Roger Hodgson’s set was of course guaranteed to prolong those goose-bumps.
“I want you to look at those trees over there,” announced Roger Hodgson, pointing out to the edge of the arena, after stepping onstage to thunderous applause. “I want you to leave whatever worries you have amongst those trees. Leave them for the next couple of hours…” With that said, he smiled, placed a neatly typed set-list next to his keyboard, took a quick glance in the rear view mirror attached to that keyboard to see the band were ready, and began to play. The opening notes of ‘Take the long way home’ wafted out into the warm Summer air and all worries were instantly forgotten by some 3,500 people.
Rather like the previous Dire Straits set, this one too seemed to be hit after hit from a time when lyrics were agonized over and music meticulously crafted. The best numbers seemed to be those that came after the sun dipped down and the lights created a magical world framed on the big stage in front of us. ‘Death and a Zoo’ with its jungle background sounds and Hodgkinson’s question beforehand: “Imagine you’re a wild animal. What would you choose? death, or life in a zoo?”. Stunning.
If the zoo animal conundrum was difficult to answer, easier was Hodgson’s next question: “Who is still a dreamer amongst you?”. One of those songs that are more than just an aural memory from one’s past, more a tangible piece of fabric from those student days when we were all dreaming of how we would change the World. The hundreds of voices singing in unison to every line tell me I’m not the only one thinking so.
Of course, we went on to discover the reality – that the World would in fact change us. ‘Fool’s Overture’ is Hodgson’s opus to that theme of dreams versus reality. It was, he revealed, a number that took five years to complete and, rather like ‘Dreamer’ is a snapshot of a Great Britain that was fraying at it’s social and political seams. To the chimes of Big Ben, Churchill is resiliently announcing “We will never surrender” and of course we still haven’t – Britain doesn’t need Europe – it’s got everything it needs. forty years on from the songs origins, and heads are still stuck, ostrich like, in the sand. It’s a long piece of music and was created with an orchestra in mind and it’s a credit to the excellent band this evening that ‘Fool’s Overture’ still moves listeners so many years later.
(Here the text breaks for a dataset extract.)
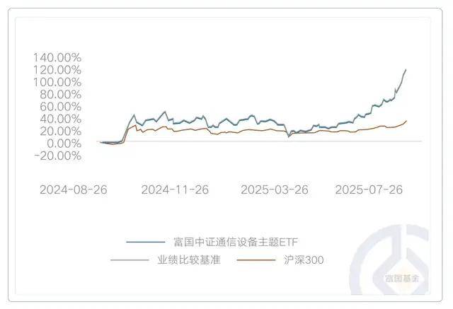 注:富国中证通信设备主题ETF成立于2024/06/28,业绩比较基准为中证通信设备主题指数收益率。自基金合同生效起至今2025/06/30的基金份额净值增长率(及同期业绩比较基准收益率为28.47%(29.35%),数据来自基金定期报告,截至2025/06/30。期间基金经理变动情况:苏华清(2024/06/28至今)。基金收益率不代表投资者实际收益率,基金份额净值仅为每份额基金产品的净资产。基金历史业绩不构成对未来业绩的保证。

Special and deserved mention here for Michael Ghegan whose multi-instrumental duties really gave the band an orchestral depth of sound.
It seemed hard to believe that we hadn’t heard all the hits, even after so many great songs, but still there was time for two encores of extra quality in ‘Give a little Bit’ and ‘It’s Raining Again’.
Over at the VIP tent, a gentleman named Fred Durst was celebrating his birthday. The next day he appeared on this very stage to close the 2018 season of Kunst!Rasen with his Rap band from Florida Limp Bizkit. I know there will have been lots of adrenalin-fuelled rock riffs flying at that one, but will there be even one song of the quality we heard all evening tonight? Time to go out and finally buy a copy of ‘Crime of the Century’. – finally I ‘get’ it.